Keenan Hall was built in 1957 and was named after James Keenan, a Notre Dame alumnus from Fort Wayne, in memory of his son James Keenan Jr., who died in 1941 before entering the university. The Keenan family operated a chain of hotels in the Midwest, and Mr. Keenan served on Notre Dame's Lay board of Trustees. Its cost was $1,000,000. Keenan Hall was designed by Ellerbe Becket and built by the M. J. McGough Company. Keenan was part of a 4 million dollar expansion which included Stanford Hall and the North Dining Hall. The hall was dedicated on November 23, 1957, by bishop Loras Thomas Lane of Rockford, Illinois and president Rev. Theodore Hesburgh. It was followed by a luncheon for the Keenan residents sponsored by Hesburgh. Originally, it accommodated 300 students in 150 rooms. The inaugural rector was Rev. Michael Murphy, C.S.C. Keenan and Stanford were built as part of Rev. Hesburgh's vision of hosting all undergraduate students on campus housing. Initially, they accommodated freshmen. When it opened, it also had rooms for the priest-rector and four prefects.

Keenan and Stanford are hosted in two wings of the same building, built on the spot that once hosted the toboggan of the University's minims program. They are connected by a lobby and the chapel of the Holy Cross which they share. Keenan Hall is four stories high. The building is representative of functionalist architecture with a simple double-L shape plan, a flat roof, and little exterior ornamentation. Until the mid-60s, it was a hall for incoming freshmen. It was designed by Ellerbe Becket and built by the M.J. McGough Company. The entrance doors are split in between the two dorms, and traditionally, Keenan residents do not use the Stanford doors and vice versa. The corridors of Keenan are blue and white, reflecting the dorm colors. Each floor is divided into two sections, North and West.

The Holy Cross chapel features a 13-foot crucifix and a wooden carving depicting "Christ as a Young Boy in the Temple" by Croatian artist Ivan Meštrović, at the time professor and artist in residence at Notre Dame. The chapel also features stained glass windows by Robert Leader, one of the last remaining Iwo Jima veterans who witnessed the famous flag-raising. The chapel, which is shared with Stanford Hall, seat 400 and also features a marble main altar and stone side altars. The pipe organ was a gift Helen Kellogg of Chicago.

Robert F. Griffin, C.S.C was rector of Keenan Hall from 1969, and he was a well-known campus figure, known for his cocker spaniel Darby O'Gill, his Urchin Masses, and his radio show. He described his time as Keenan rector and life in Keenan Hall in his memoir, In the kingdom of the lonely God. In the 1980s, Keenan residents launched "Keenan Community Services", a program that focused on improving neighborhoods in disrepair in South Bend by renovating local homes, with about 50 of the 300 residents contributing to the renovation, upkeep, and maintenance of local homes. Brother Bonaventure Scully, CFX, was rector from 1986 to 1999, and instrumental in Keenan's commitment to Dismas House, a local non-profit dedicated to helping ex-convicts, where he volunteered often and was known for his cooking skills. In 2011 the Hall was awarded the T. Brooks Brademas Lifetime Achievement Award for their work at Dismas House. Keenan residents have been the longest serving volunteers at Dismas house.

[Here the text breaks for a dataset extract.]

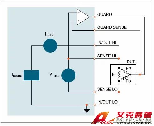 數字源表能進行標準4線、分裂Kelvin以及6線、帶防護的電阻測 量并且能配置為恒流或恒壓方法。6線測量方法:
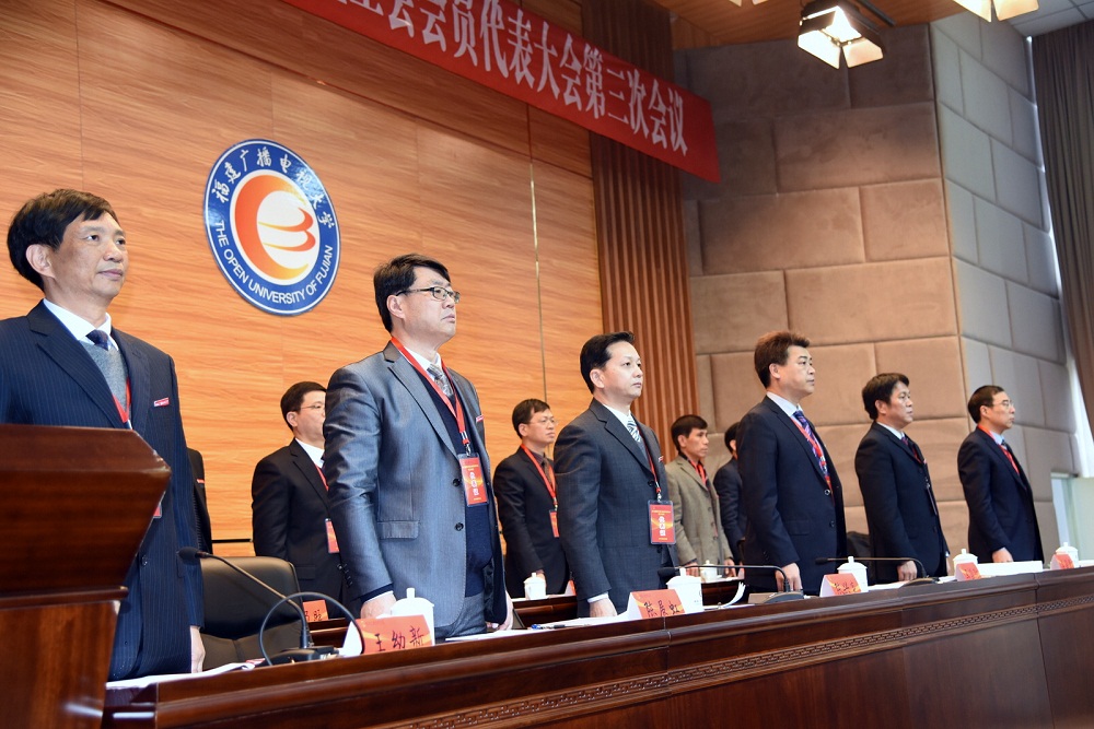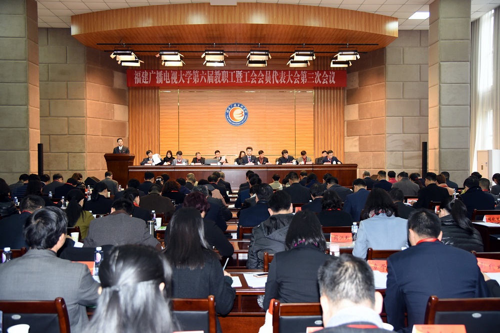 阳春三月,花开正好,草木植成。3月15日上午在十二届全国人大五次会议胜利闭幕的日子,福建电大第六届教职工暨工会会员代表大会第三次会议在桂山校区博厚楼二楼会议厅召开,校领导马国防、陈兴炎、吴国荣、陈展虹、沈光辉、王幼新出席会议,省政协委员、校改革发展咨询委员会主任叶文华参加会议。五个代表团137名正式代表、列席代表、特邀代表齐聚一堂,以高度的使命感和责任感,为推动学校事业进一步发展建言献策。纪委书记王幼新主持会议。

The current rector is Bobby Nichols. Nichols earned a Bachelor's degree in something from Xavier University and Masters in Theology from Villanova, and became the rector of Keenan in 2017. 

The basement, known as the Keenan Kommons, is one of the largest common spaces on campus. It features lounges, ping pong tables, pool tables, televisions, and study spaces. It was recently renovated and now features three TV's, including a 90-inch flat screen. The Kommons also includes a weight room, two kitchens, a laundry room, a music rehearsal space, a library and study room, and a meeting room. Especially beloved to students is a student-run pizzeria called Zaland, which is an affordable option for late-night food and sells the "Best Pizza in Zaland".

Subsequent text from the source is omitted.